At the same time, retail sales in Italy, the third largest economy of the monetary bloc, rose slightly in January by 0.1% month-on-month. The result was in line with estimates and came after an upwardly revised 0.1% decrease in December. Contributing a large share to the economy, retail sales are playing important role in Italy’s recovery which has been weak since financial crisis began in 2008. Last year, Italian GDP shrank 0.5%, and completely no growth was registered even during last quarter of the year.

USD

“The consumer is still going to hold up. As we look toward the middle of the year, you have a consumer that continues to see aggregate income growth.”

- RBC Capital Markets

American economy rose slightly less when compared with analysts’ expectations in the last quarter of the previous year, mostly led by upbeat consumer spending which was the highest in eight years. GDP added 2.2% on the annual basis, according to the final reading published on Friday. Economists called for a 2.4% average gain after the preliminary data also showed a 2.2% increase. However, experts suggest the economy could grow better, but several negative factors weighed on exports and consumer spending during October-December period. Among them, US Dollar has been in a constant up-trend since the middle of last year, thus making American exports less attractive over the time, while imports has seen an opportunity to increase. As a result, trade balance of the country widened in Q4; however, it was partly offset by smaller energy imports as US oil production has been growing. In the meantime, consumer confidence declined marginally amid temporary worse than forecasted weather conditions this winter.

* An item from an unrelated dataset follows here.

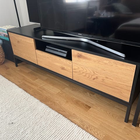 Sotkasta ostettu noin puolitoista vuotta vanha tv taso. Kunto on hyvä, hieman kuitenkin käytönjälkiä näkyy. 1 kuvassa ovissa näkyy tahroja ja myöskin 4 kuvassa näkyy jokin tahra, jota en ole koittanut pestä.
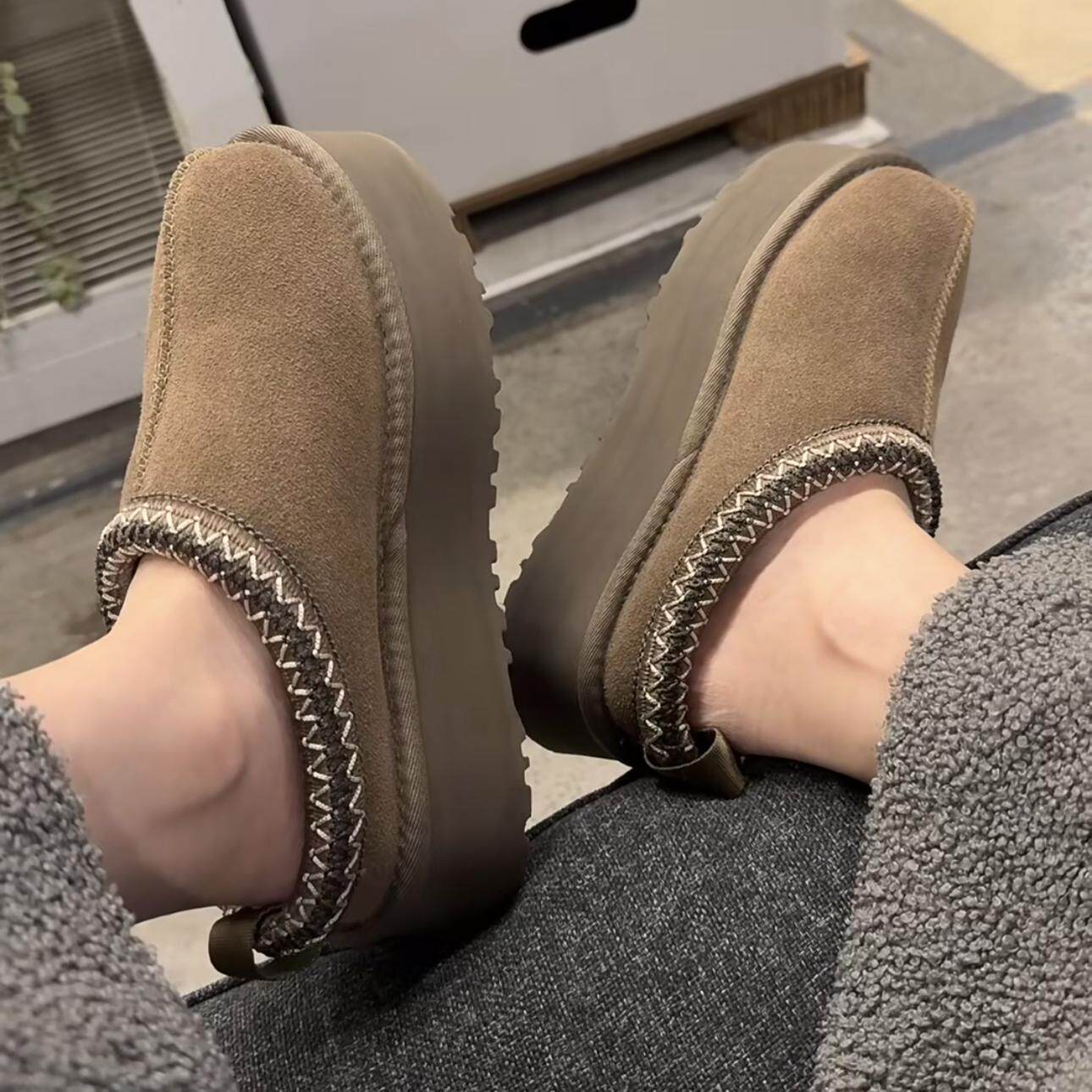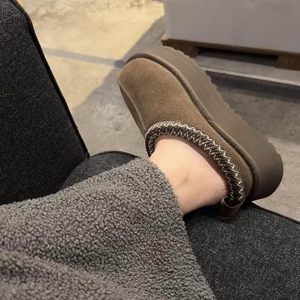 胡桃木显白~~精致又显瘦!厚底增高加绒毛毛保暖包头棉鞋雪地靴女

Nevertheless, analysts assume the US economy should regain momentum in the coming quarters. Jobs’ growth remains strong and fewer Americans are applying for jobless benefits. Therefore, despite some weakness in foreign trade, economic expansion will most probably be driven both by domestic demand and climbing investment in 2015.

GBP

“Economic conditions have remained supportive, with labour market conditions continuing to improve and mortgage interest rates close to all-time lows.”

- Nationwide

Property prices in the United Kingdom have increased this month, even though growth remained subdued after strong gains a few years ago. According to Nationwide, the agency which is publishing housing price data every month, the average price of a house in the country edged up just 0.1% in March on the annual basis, or somewhat lower than a 0.2% gain forecasted by the majority of analysts. Moreover, on the annual basis a downward change was even steeper, with prices going up 5.1%, down from 5.7% seen in February. Therefore, prices’ growth has been decreasing for the seventh consecutive month. In 2012 and 2013 they have registered a strong climb, and the current situation is usually explained as a calm-down with the HPI Index returning to less volatile and stable levels. At the moment prices are staying around 2% above the pre-crisis peak.

In the meantime, Nationwide’s experts are pointing on still rather broad differences in price tendencies across Britain. The strongest rate of annual advance was posted by the South of England and London, two regions where economic situation seems to be more optimistic, compared with other parts of the country. North West England, Wales and Scotland have all seen prices cooling down, with Wales alone providing a drop of 0.5% in Q1 on the yearly basis. Moreover, prices in these three regions remain below the pre-recession peak level reached in 2007.

This overview can be used only for informational purposes. Dukascopy SA is not responsible for any losses arising from any investment based on any recommendation, forecast or other information herein contained.